The patent law in India has undergone significant changes since it was first enacted in 1970
so as to comply with the international standards and fulfil India’s obligation under the TRIPS
Agreement. In this article, the author seeks to conduct a brief overview of the Patent Law in
India. The author looks at the background in which the law emerges, the objective of
the Patent Act, its main features as well as the Amendments which took place in 1999, 2002
and 2005.

I. Background of the Origin of the Patent Law and the Patents Act, 1970
Prior to India’s independence, the legislation concerning the patent regime in India was
the Indian Patents & Designs Act, 1911, colonial legislation which was found lacking in
achieving its objective post India’s independence. There was a need for comprehensive patent
legislation to cater to India’s changed political and economic circumstances. This realization
prompted the Government to set up a committee led by Justice (Dr.) Bakshi Tek Chand, a
retired Judge of Lahore High Court, in 1949 to thoroughly review India’s patent law and
make sure that it was conducive to the national interest.
Some of the major purposes with which the committee was set up were to analyse the
working of the Patent system in India, make recommendations for improving the legislation,
especially with regards to those provisions dealing with the abuse of patent rights, consider
the restrictions which must be imposed on patents relating to food and medicine, suggest
steps for ensuring effective publicity to the patent system and to the patent literature, to
review the working of the patent office, to generally report on any improvement that would
enable the Indian Patent System to be more conducive to national interest by encouraging
invention and the commercial development and use of inventions etc
Based on this, amendments were brought into the 1911 Act regarding the inclusion of
provisions for compulsory licencing, revocation and licence of rights. A few years later in
1957, another committee headed by Justice N. Rajagopala Ayyangar was formed to examine
the question of revision of the Patent Law and advise government accordingly. One main
recommendation of this committee was the grant of only process patents with respect to
inventions relating to drugs, medicines, food and chemicals.
Based on the report of this committee, a bill was introduced in the Lok Sabha which however
lapsed. Thereafter, a 2nd amended bill was introduced and the same was referred to the Joint
Parliamentary Committee on whose recommendation the Patent’s Act of 1970 was eventually
passed.
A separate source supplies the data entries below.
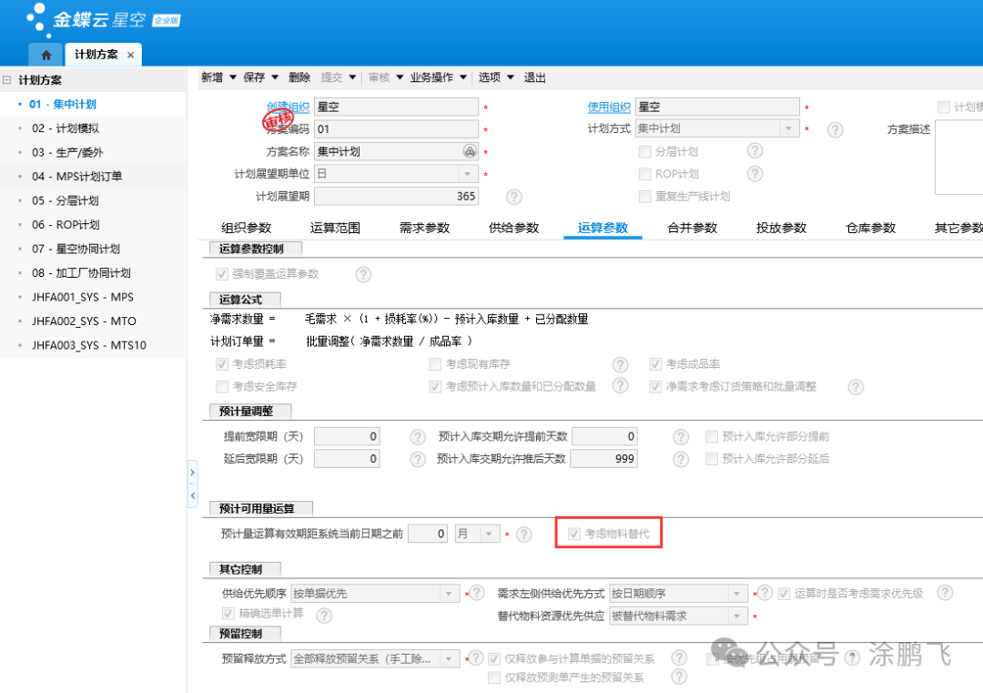 计划方案的【运算参数】页签需勾选“考虑物料替代”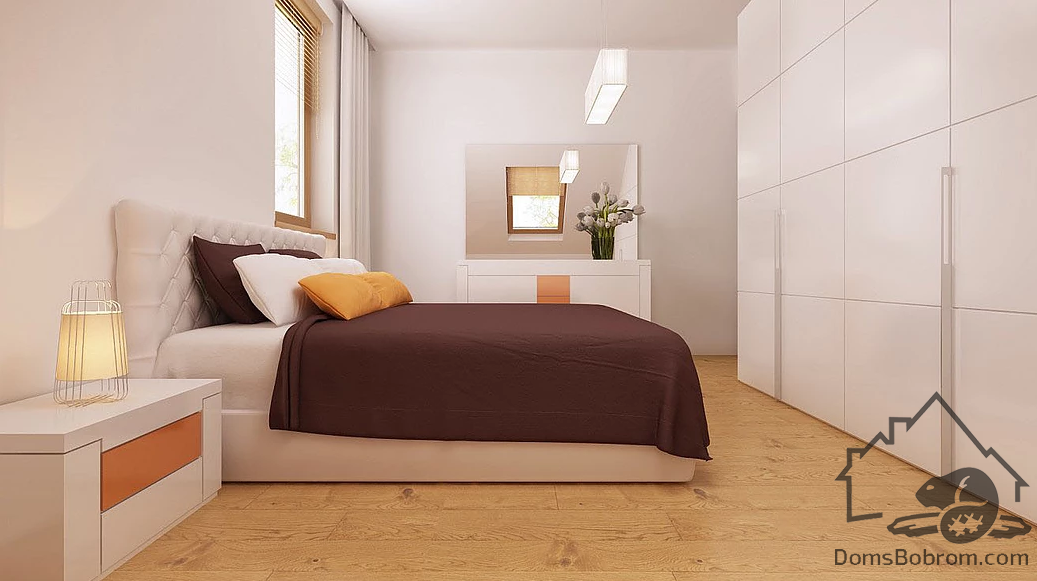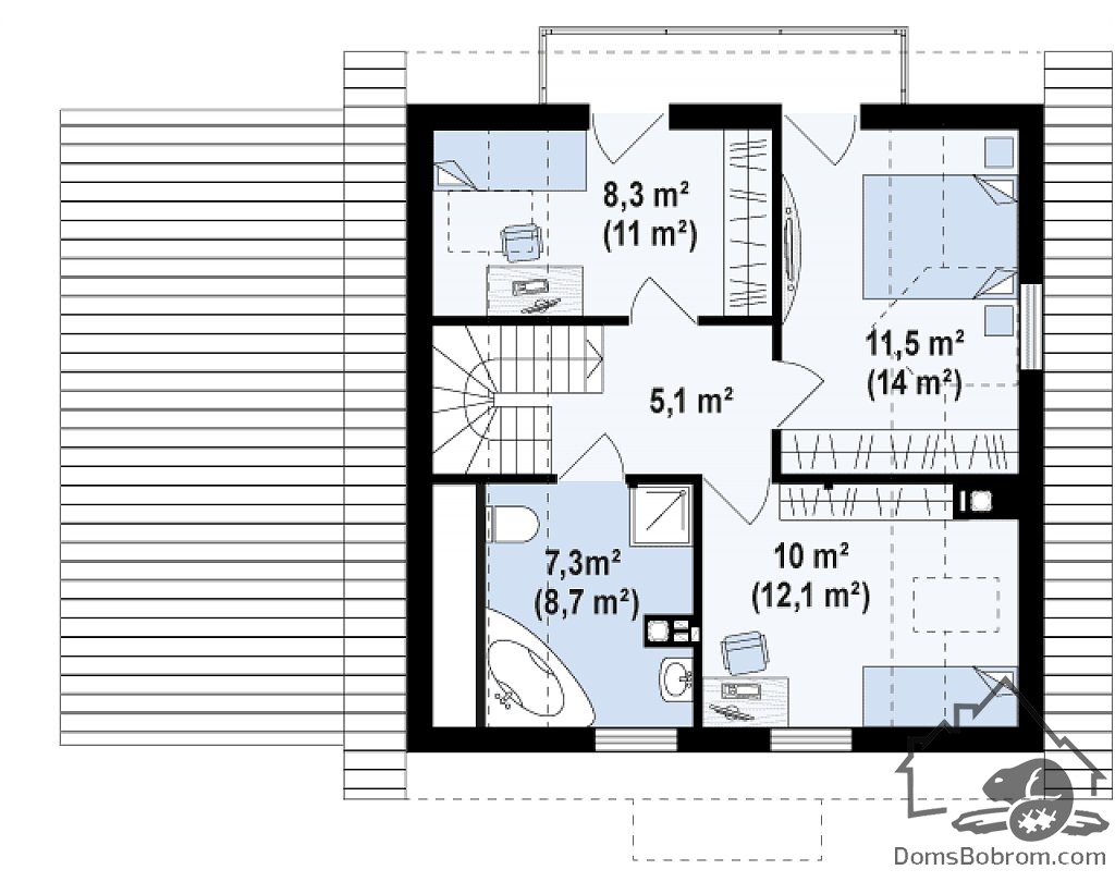 На втором этаже расположены три спальни, в каждую из которых можно попасть из холла с лестницей.
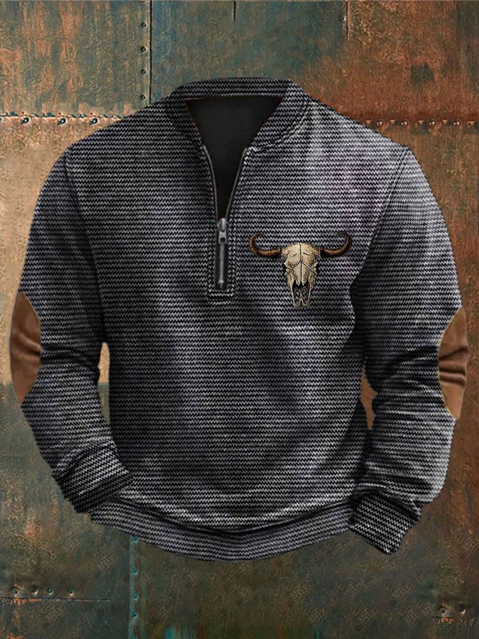 Men's Western Retro Textured Printed Sweatshirt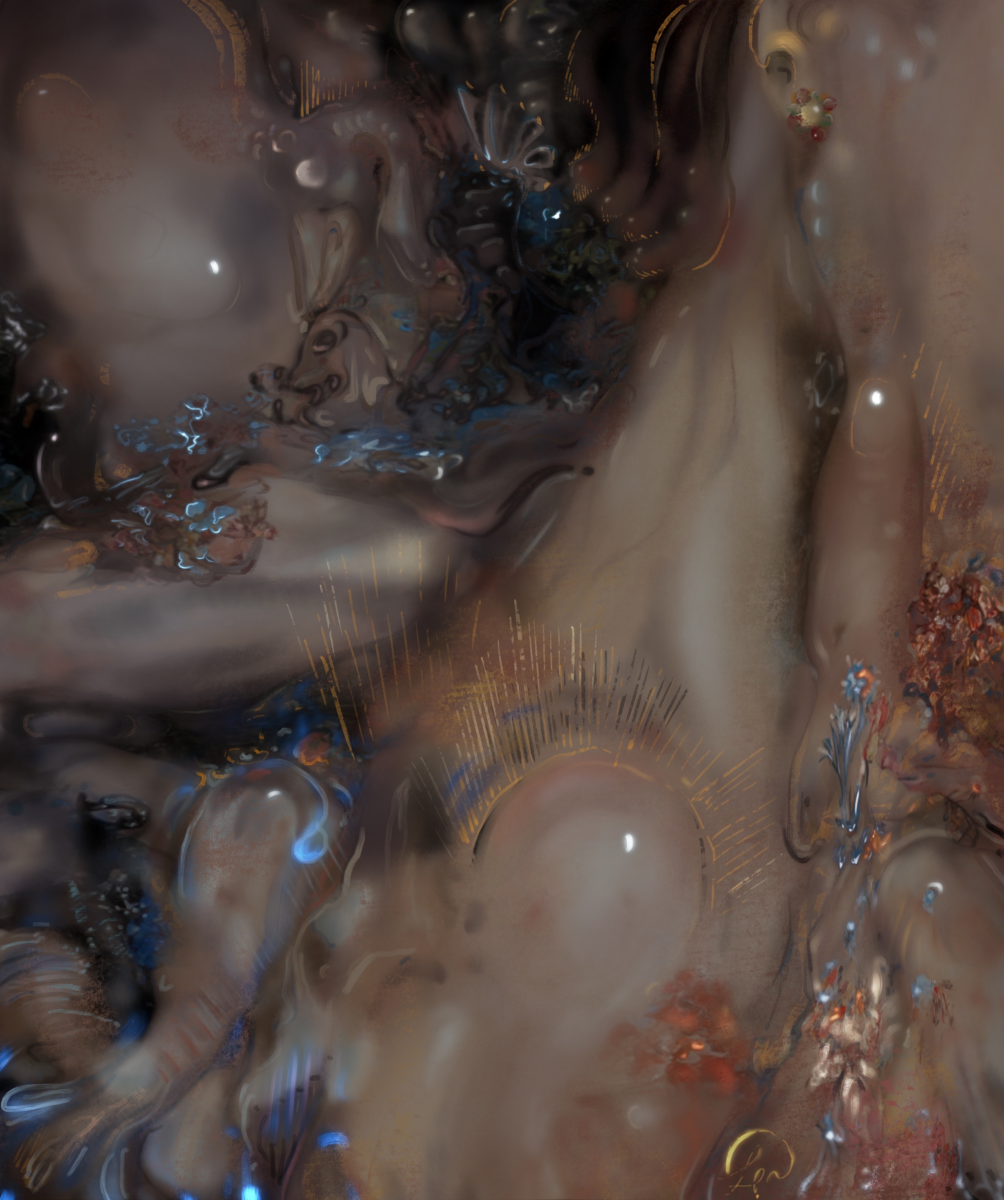 This shows “䷁ Kūn (坤卦),” one of the opening hexagrams, which symbolizes the Earth—its capacity to sustain and embrace. Composed to be read from the upper right toward the left, the work employs flowing liquid forms to evoke an embryonic process of ‘becoming,’ a metaphor for the origin of life. It resonates with the spirit of “the Earth’s virtue carries all things” (厚德载物), expressing the Earth’s nurturing embrace of creation. As “䷁ Kūn” consists of six broken lines (Yin), it embodies a profoundly feminine, gentle, and generative energy.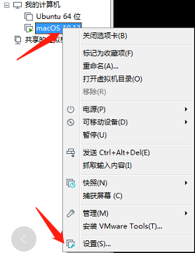 2.选中当前macOS虚拟机右键选中设置
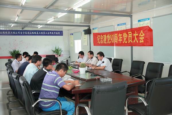 在中国共产党成立90周年之际,宣宁高速02标项目部于7月5日召开党支部大会,项目经理余跃、项目支部书记王秋华等全体党员以及入党积极分子参加会议。四分公司党总支书记汪家富、工会主席张扬到会指导。

This legislation repealed the 1911 Act as far as patents were concerned, but retained
the provisions regarding designs. It finally came into effect on April 20, 1972, along with the
publication of the Patent Rules, 1972.
II. The Objective of the Patents Act, 1970
The Patent’s Act, 1970 was passed to regulate the law relating to Patents in India and make
sure that the same was in consonance with India’s unique circumstances. The main objective
with which patents are granted to encourage innovation and research and development in the
society, stimulate capital investment in the economy, to promote the development of
technologies and industries based on them. In the case of Bishwanath Prasad Radhey Shyam
v. Hindustan Metal Industries, the SC clearly enumerated the objective of patent law as:
“The subject of Patent Law is to encourage scientific research, new technology and industrial
progress. Grant of exclusive privilege to own, use or sell the method or the product patented
for a limited period, stimulates new inventions of commercial utility. The price of the grant of
monopoly is the disclosure of the invention at the Patent Office, which after the expiry of the
fixed period of the monopoly passes into the public domain.”
As evident from the report of the Justice N Rajagopala Ayyangar committee, one of the major
reasons for revamping the patent law in India was to ensure that the grant of patents shouldn’t
interfere with a person’s basic need for medicines at affordable price. Prior to the patent’s act,
the major source of medicines were foreign countries.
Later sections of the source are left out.